***** Information given *****

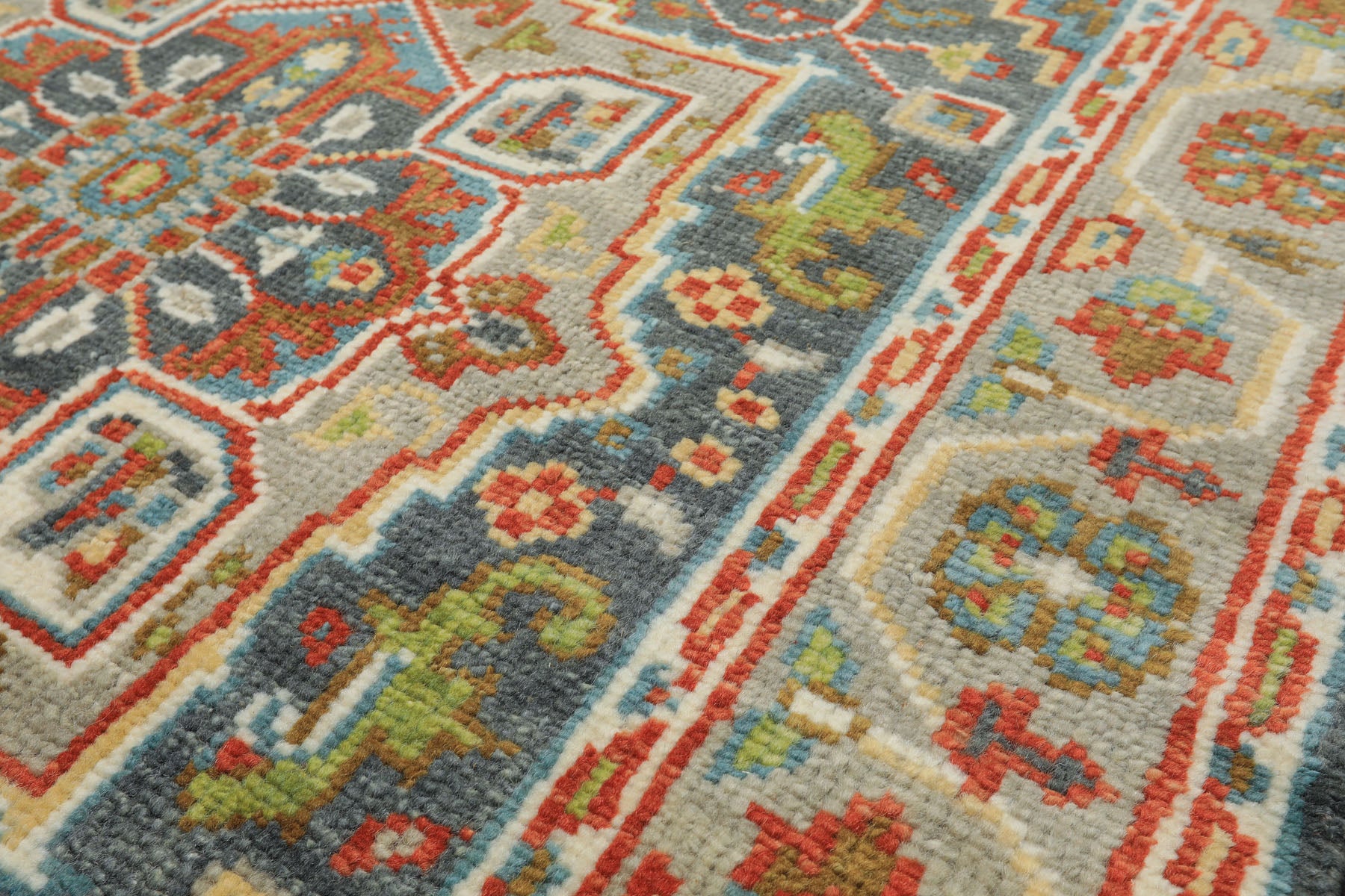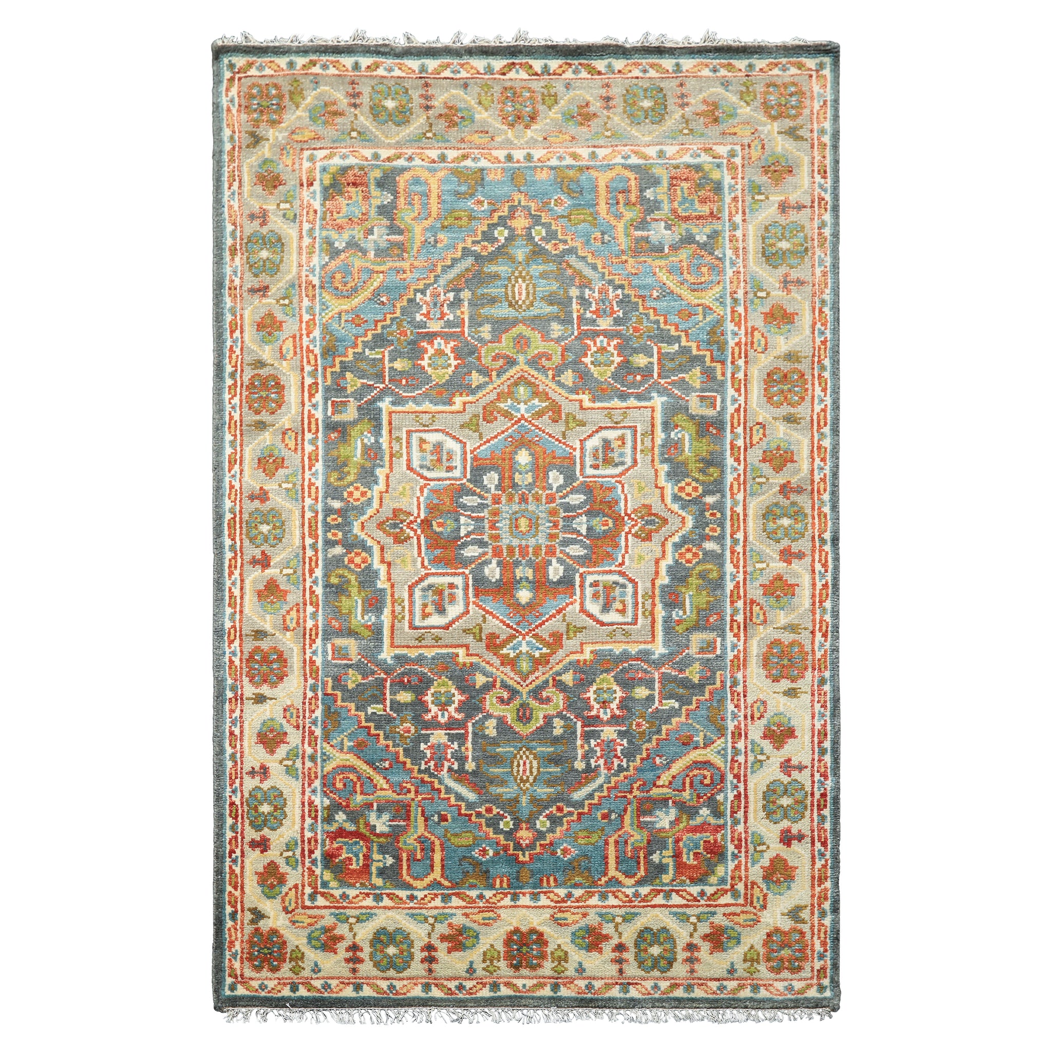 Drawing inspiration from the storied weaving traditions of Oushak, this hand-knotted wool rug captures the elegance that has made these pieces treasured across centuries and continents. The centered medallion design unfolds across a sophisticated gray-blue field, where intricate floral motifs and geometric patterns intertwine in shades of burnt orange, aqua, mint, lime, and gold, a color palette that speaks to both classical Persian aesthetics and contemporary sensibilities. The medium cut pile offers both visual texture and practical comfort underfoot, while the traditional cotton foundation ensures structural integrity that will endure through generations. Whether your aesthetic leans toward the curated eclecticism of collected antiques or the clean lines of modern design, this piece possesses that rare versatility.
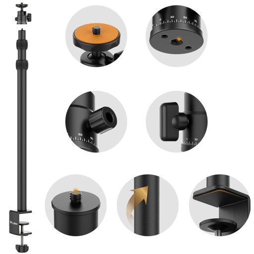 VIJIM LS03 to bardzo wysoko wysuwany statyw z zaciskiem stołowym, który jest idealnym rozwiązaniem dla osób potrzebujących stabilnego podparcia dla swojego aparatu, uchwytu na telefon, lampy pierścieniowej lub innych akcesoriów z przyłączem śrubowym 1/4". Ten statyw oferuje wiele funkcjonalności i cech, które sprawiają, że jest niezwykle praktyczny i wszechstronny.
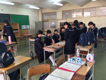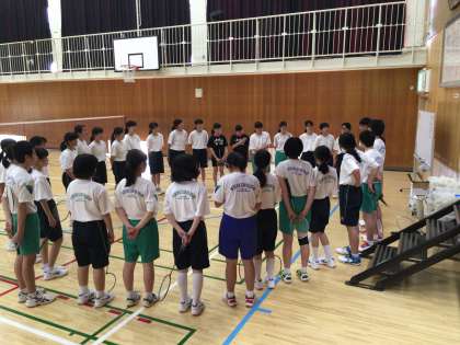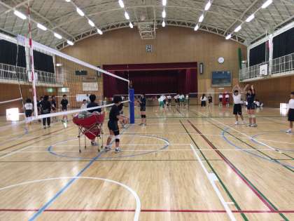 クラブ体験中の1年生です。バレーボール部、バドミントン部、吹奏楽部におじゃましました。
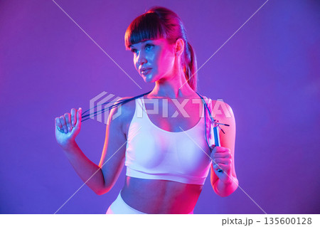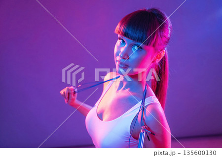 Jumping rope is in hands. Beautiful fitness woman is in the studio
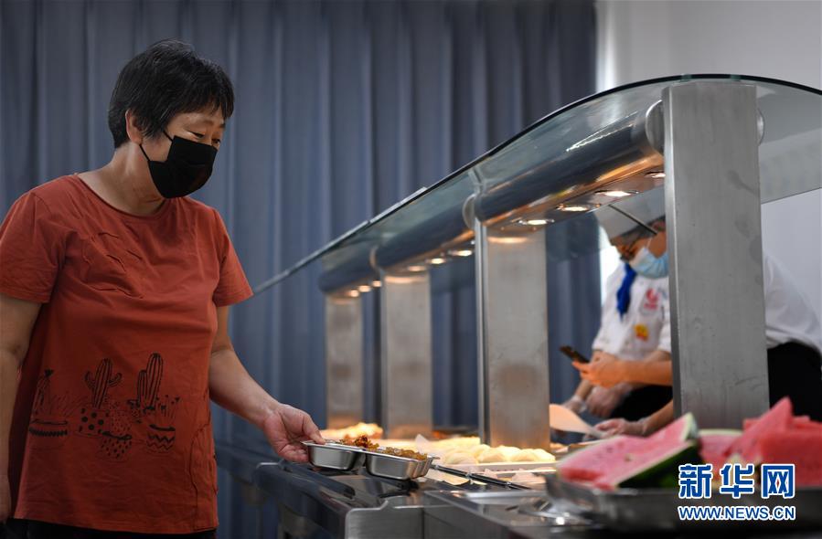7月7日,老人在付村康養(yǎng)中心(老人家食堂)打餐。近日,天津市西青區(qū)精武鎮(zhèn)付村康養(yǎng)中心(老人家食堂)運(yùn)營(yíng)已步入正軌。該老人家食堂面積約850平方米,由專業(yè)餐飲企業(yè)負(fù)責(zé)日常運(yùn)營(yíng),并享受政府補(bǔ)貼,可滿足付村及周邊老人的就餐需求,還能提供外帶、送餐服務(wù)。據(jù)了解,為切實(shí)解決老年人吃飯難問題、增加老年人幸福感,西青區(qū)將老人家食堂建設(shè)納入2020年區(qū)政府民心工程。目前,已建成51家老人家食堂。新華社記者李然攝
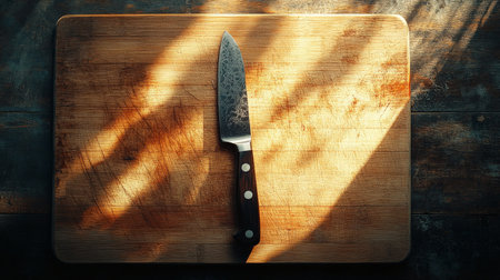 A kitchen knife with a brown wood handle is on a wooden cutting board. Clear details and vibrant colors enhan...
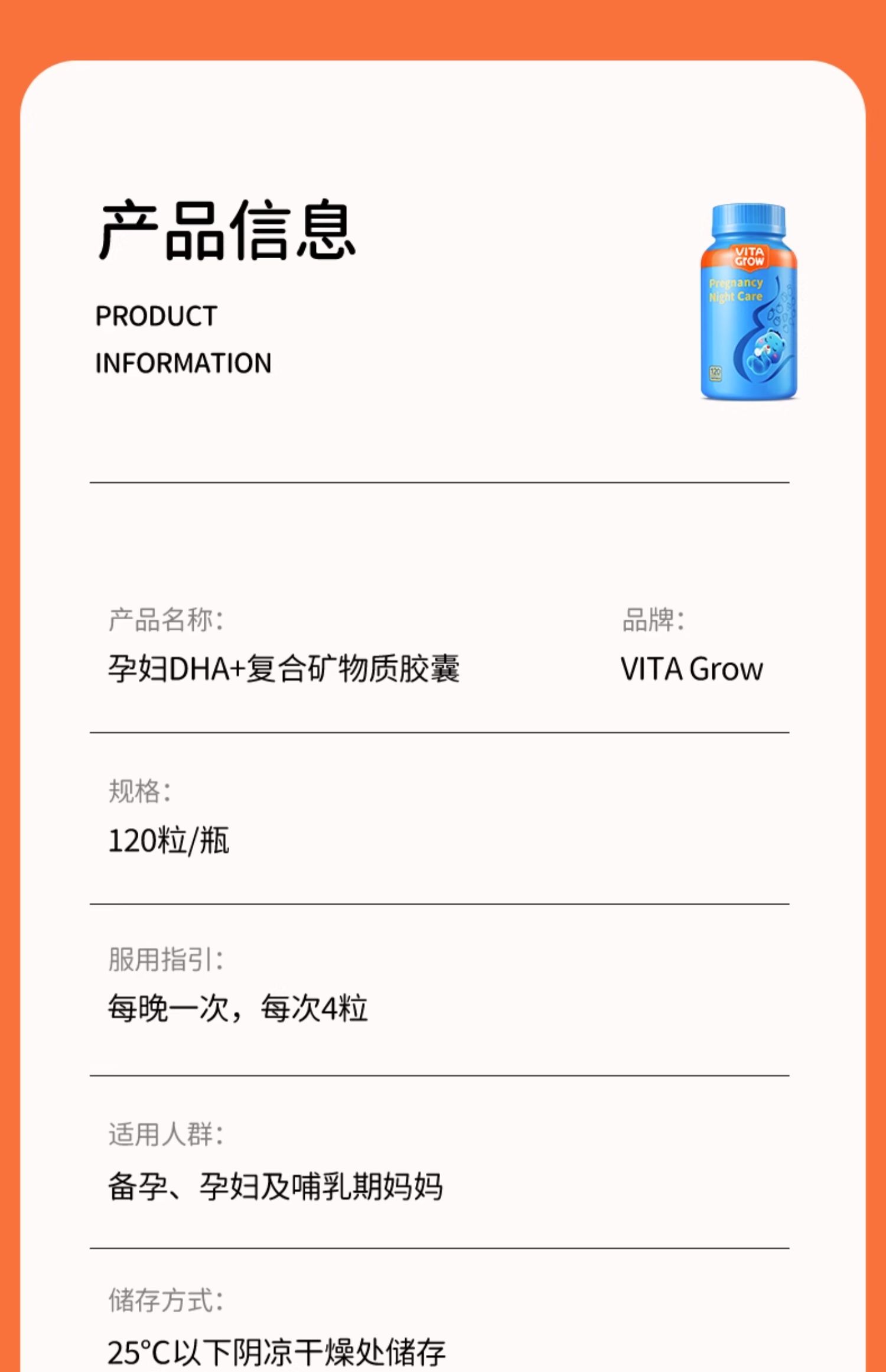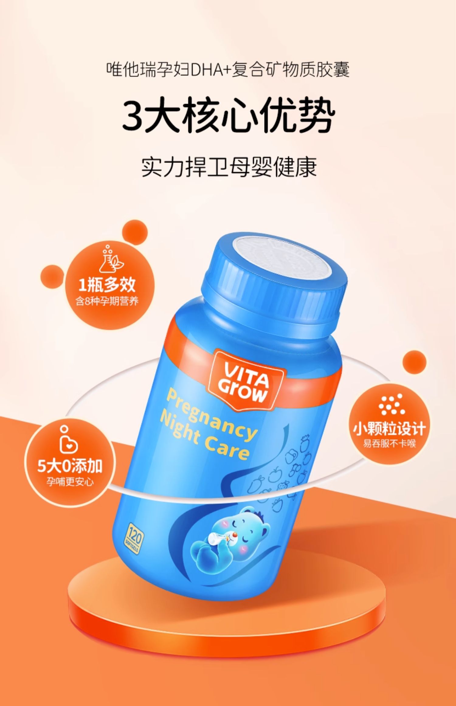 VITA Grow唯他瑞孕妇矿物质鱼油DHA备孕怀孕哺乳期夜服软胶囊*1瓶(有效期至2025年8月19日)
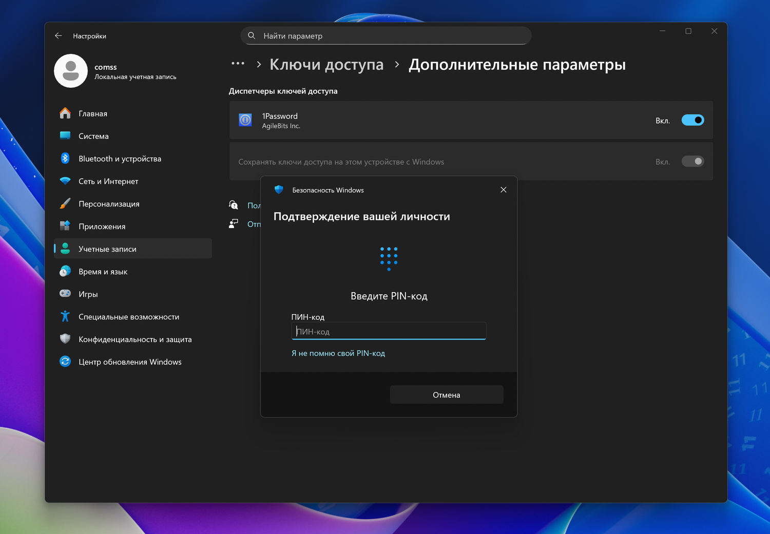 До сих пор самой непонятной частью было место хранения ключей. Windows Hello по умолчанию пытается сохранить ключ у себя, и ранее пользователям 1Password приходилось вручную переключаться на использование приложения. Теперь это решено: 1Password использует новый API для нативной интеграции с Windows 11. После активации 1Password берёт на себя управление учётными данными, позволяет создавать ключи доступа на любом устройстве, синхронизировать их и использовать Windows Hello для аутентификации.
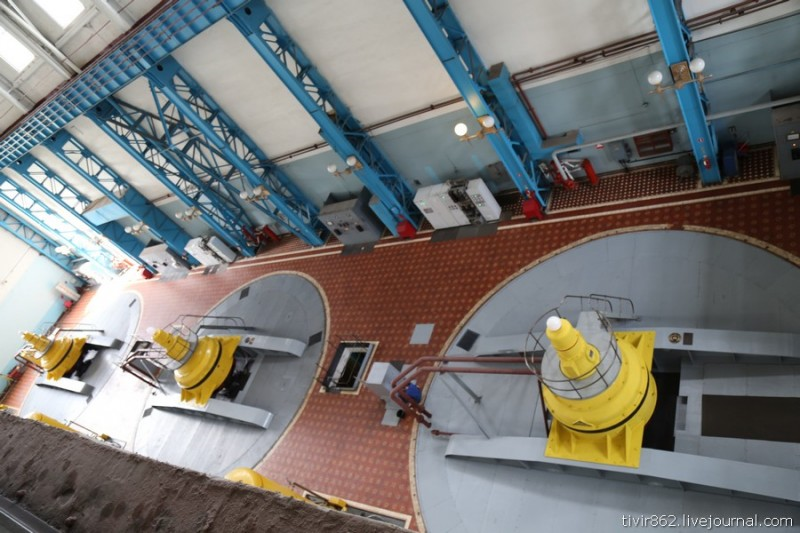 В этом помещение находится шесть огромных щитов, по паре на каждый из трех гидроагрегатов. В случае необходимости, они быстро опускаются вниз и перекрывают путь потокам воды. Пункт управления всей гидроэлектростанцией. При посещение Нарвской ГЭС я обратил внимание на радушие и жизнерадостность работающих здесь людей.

*****

Directions: Please set down the data above exactly as given, leaving every picture out.

Answer below:
 Drawing inspiration from the storied weaving traditions of Oushak, this hand-knotted wool rug captures the elegance that has made these pieces treasured across centuries and continents. The centered medallion design unfolds across a sophisticated gray-blue field, where intricate floral motifs and geometric patterns intertwine in shades of burnt orange, aqua, mint, lime, and gold, a color palette that speaks to both classical Persian aesthetics and contemporary sensibilities. The medium cut pile offers both visual texture and practical comfort underfoot, while the traditional cotton foundation ensures structural integrity that will endure through generations. Whether your aesthetic leans toward the curated eclecticism of collected antiques or the clean lines of modern design, this piece possesses that rare versatility.
 VIJIM LS03 to bardzo wysoko wysuwany statyw z zaciskiem stołowym, który jest idealnym rozwiązaniem dla osób potrzebujących stabilnego podparcia dla swojego aparatu, uchwytu na telefon, lampy pierścieniowej lub innych akcesoriów z przyłączem śrubowym 1/4". Ten statyw oferuje wiele funkcjonalności i cech, które sprawiają, że jest niezwykle praktyczny i wszechstronny.
 クラブ体験中の1年生です。バレーボール部、バドミントン部、吹奏楽部におじゃましました。
 Jumping rope is in hands. Beautiful fitness woman is in the studio
7月7日,老人在付村康養(yǎng)中心(老人家食堂)打餐。近日,天津市西青區(qū)精武鎮(zhèn)付村康養(yǎng)中心(老人家食堂)運(yùn)營(yíng)已步入正軌。該老人家食堂面積約850平方米,由專業(yè)餐飲企業(yè)負(fù)責(zé)日常運(yùn)營(yíng),并享受政府補(bǔ)貼,可滿足付村及周邊老人的就餐需求,還能提供外帶、送餐服務(wù)。據(jù)了解,為切實(shí)解決老年人吃飯難問題、增加老年人幸福感,西青區(qū)將老人家食堂建設(shè)納入2020年區(qū)政府民心工程。目前,已建成51家老人家食堂。新華社記者李然攝
 A kitchen knife with a brown wood handle is on a wooden cutting board. Clear details and vibrant colors enhan...
 VITA Grow唯他瑞孕妇矿物质鱼油DHA备孕怀孕哺乳期夜服软胶囊*1瓶(有效期至2025年8月19日)
 До сих пор самой непонятной частью было место хранения ключей. Windows Hello по умолчанию пытается сохранить ключ у себя, и ранее пользователям 1Password приходилось вручную переключаться на использование приложения. Теперь это решено: 1Password использует новый API для нативной интеграции с Windows 11. После активации 1Password берёт на себя управление учётными данными, позволяет создавать ключи доступа на любом устройстве, синхронизировать их и использовать Windows Hello для аутентификации.
 В этом помещение находится шесть огромных щитов, по паре на каждый из трех гидроагрегатов. В случае необходимости, они быстро опускаются вниз и перекрывают путь потокам воды. Пункт управления всей гидроэлектростанцией. При посещение Нарвской ГЭС я обратил внимание на радушие и жизнерадостность работающих здесь людей.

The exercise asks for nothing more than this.